Neuer Teilchenbeschleuniger

Und doch geht es hier nicht um schwarze Löcher und den Urknall. Die bemerkenswerte Anlage dient anderen Projekten. Sie wurde nun nach knapp fünfjähriger Bauzeit in Betrieb genommen.

Was genau passiert, wenn Oberflächen mit Atomen beschossen werden? Diese winzigen und sehr schnellen Partikel beschäftigen die Arbeitsgruppe. Der Beschleuniger mit dem Namen HICS (Highly charged ion collisions on surfaces) sorgt dafür, dass die geladenen Teilchen auf maximal 43 Millionen km/h gebracht werden – das sind etwa vier Prozent der Lichtgeschwindigkeit.

Ein großes Magnetfeld hält sie auf dem richtigen Kurs. „Wir treffen immer, wenn wir feste Oberflächen mit den Teilchen beschießen“, bestätigt Dr. Andreas Reichert. Wenn die Ionen auf die fingernagelgroßen Testobjekte treffen, kommt es zu nanoskopischen Veränderungen.

Was die Forscher daraus lernen ist, wie sich Materialien unter extremen Bedingungen verhalten. Die Erkenntnisse können dazu beitragen, dass künftig noch filigranere Flächen und Schichten hergestellt werden. Bisher produziert man die extrem kleinen Strukturen von Computerchips mit Masken, die mit Hilfe von Laserlicht erstellt werden.
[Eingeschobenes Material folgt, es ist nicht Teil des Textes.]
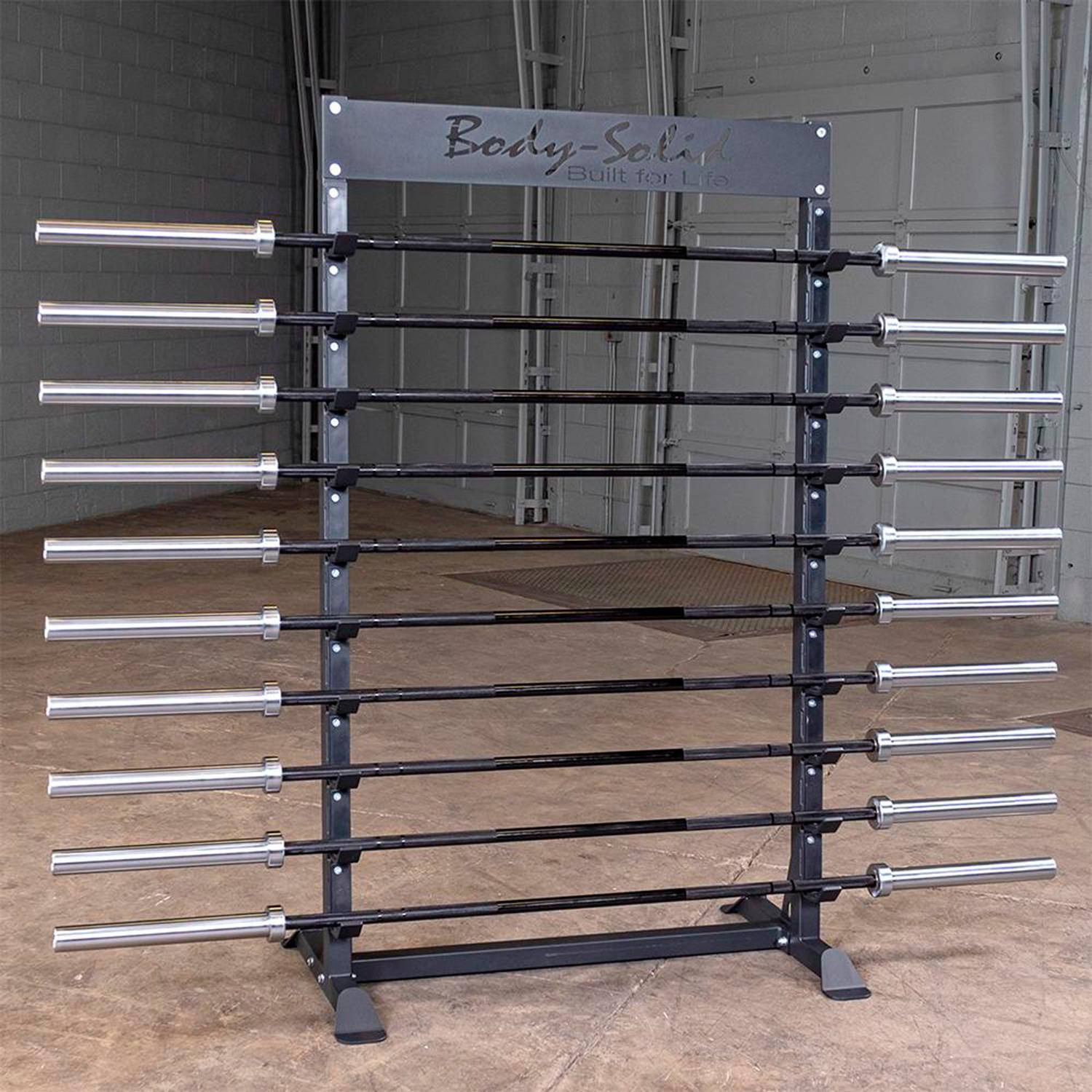 Body-Solid SBS100 Levytankoteline on helposti käytettävä säilytysteline jopa 10 levytangolle. Soveltuu erinomaisesti yhteisö- ja kuntosalikäyttöön.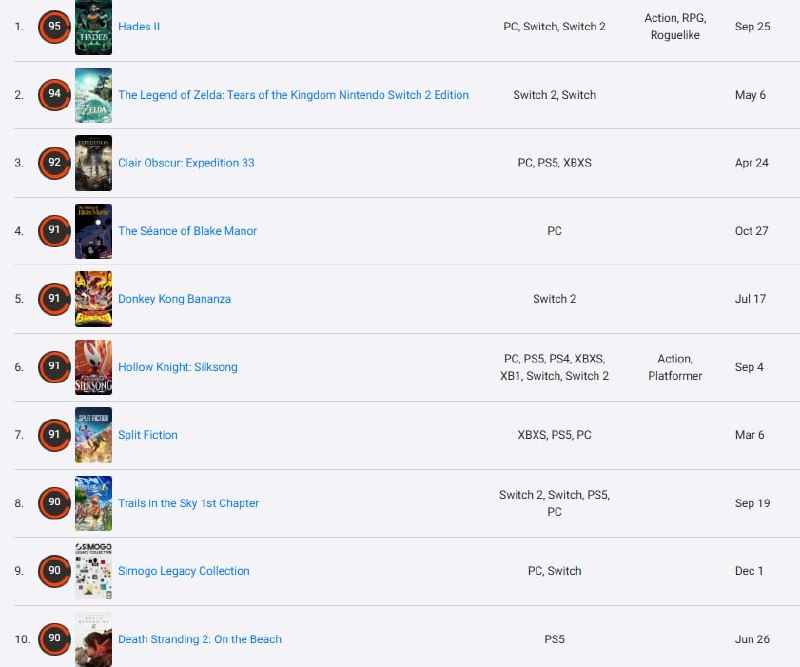 1. Hades II - 95 баллов 2. The Legend of Zelda: Tears of the Kingdom Nintendo Switch 2 Edition - 94 балла 3. Clair Obscur: Expedition 33 - 92 балла 4. The Seance of Blake Manor - 91 балл 5. Donkey Kong Bananza - 91 балл 6. Hollow Knight: Silksong - 91 балл 7. Split Fiction - 91 балл 8. Trails in the Sky 1st Chapter - 90 баллов 9. Simogo Legacy Collection - 90 баллов 10. Death Stranding 2: On the Beach - 90 баллов #игры@inyoueyes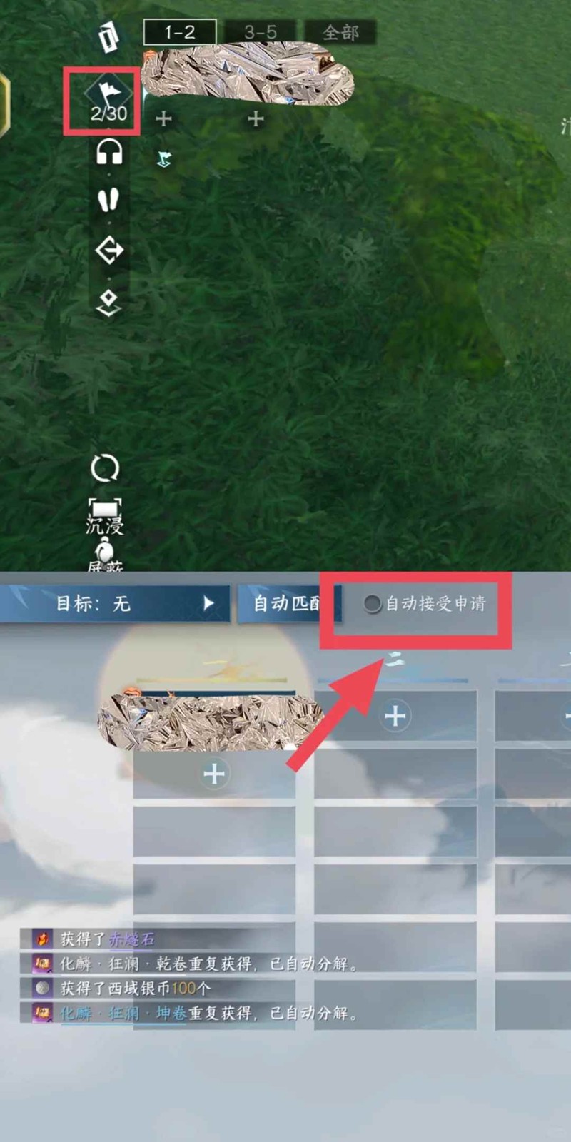 芽号进队后需要把【自动跟随】打开,方便团长拉跟随开团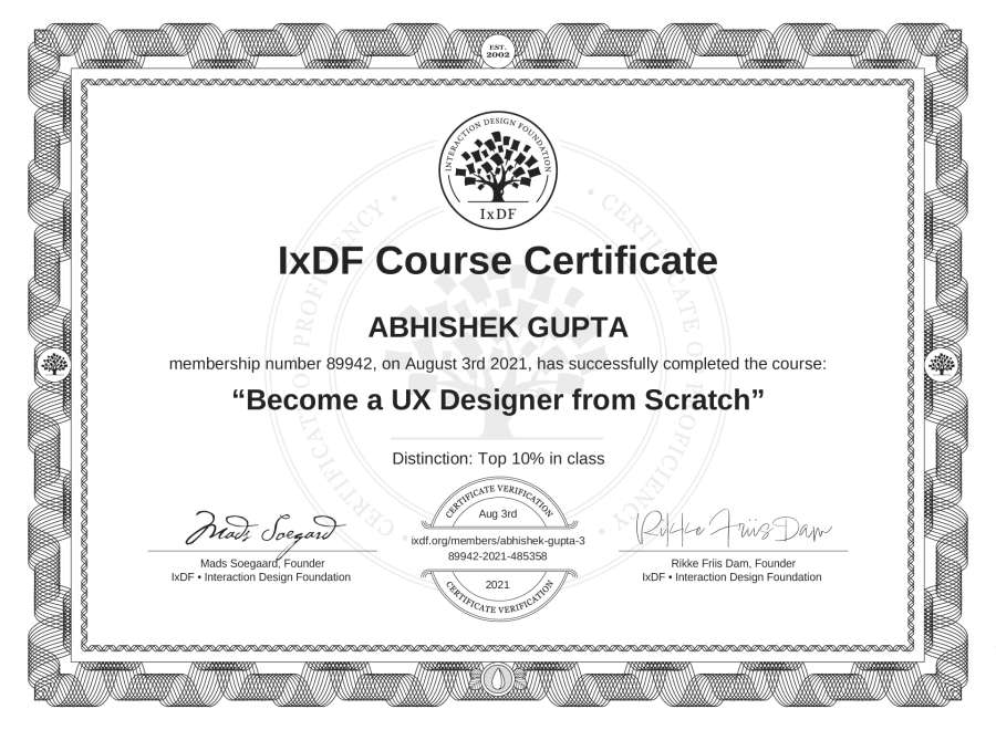 ABHISHEK GUPTA's IxDF Course Certificate: Become a UX Designer from Scratch

Danach wird die nötige Struktur geätzt. Diese konventionelle Lithografie-Technik würde dann durch neue Prozesse ersetzt werden, da ein ionisiertes Atom kleinere Strukturen als ein Laser erzeugen kann. Moderne Computerchips schrumpfen so vielleicht bei gleicher Leistung bis zur Größe einer Nadelspitze.

So weit der ungefähre Plan der Wissenschaftler. „Wir betreiben hier allerdings Grundlagenforschung – es kann immer zu unerwarteten Ergebnissen kommen, die man künftig für ganz andere Dinge nutzbar machen kann“, beschreibt Physikerkollege Thorsten Peters seine Arbeit, die immer wieder für Überraschungen sorgt. Und die so spannend ist, dass Peters über die Wechselwirkung hochgeladener Ionen mit Metalloberflächen auch promoviert. Dafür braucht man eine gute Vorstellungskraft, denn „Ionen sind mit dem bloßen Auge nicht zu erkennen. Doch sie bieten die Möglichkeit, so viel Energie auf kleinsten Raum zu bringen, wie sonst nirgendwo. Und sie sind wahnsinnig schnell.“

Natürlich schauen die Experten auch nach Genf, wo der derzeit viel diskutierte LHC (Large Hadron Collider) steht. Die Duisburger nutzen ein ähnliches Prinzip. „Wir haben auch eine Ionenquelle, erzeugen ein Ultrahochvakuum, lenken die Teilchen mittels eines Magnetfeldes und beschleunigen sie durch elektrische Felder“, so Peters. Doch während die CERN-Anlage riesige Ausmaße von fast 27 Kilometern hat, ist HICS ziemlich kompakt: Auf viereinhalb Metern sind alle wichtigen Elemente untergebracht. „Vergleichbare Anlagen gibt es nur noch in Dresden beim Hersteller der Ionenquelle. Ansonsten werden bisher wesentlich größere und teurere Beschleuniger zur Erzeugung der schnellen Teilchen benutzt“, weiß Dr. Reichert.

Die AG Schleberger gehört zum Sonderforschungsbereich 616 „Energiedissipation an Oberflächen“. Für den Bau und die Nutzung des Beschleunigers stellte die Deutsche Forschungsgemeinschaft (DFG) 300.000 Euro zur Verfügung. 12.000 Euro pro Jahr kostet der Betrieb der kleinen aber feinen Anlage, die sicher in den kommenden Jahren für neue Entdeckungen sorgen wird.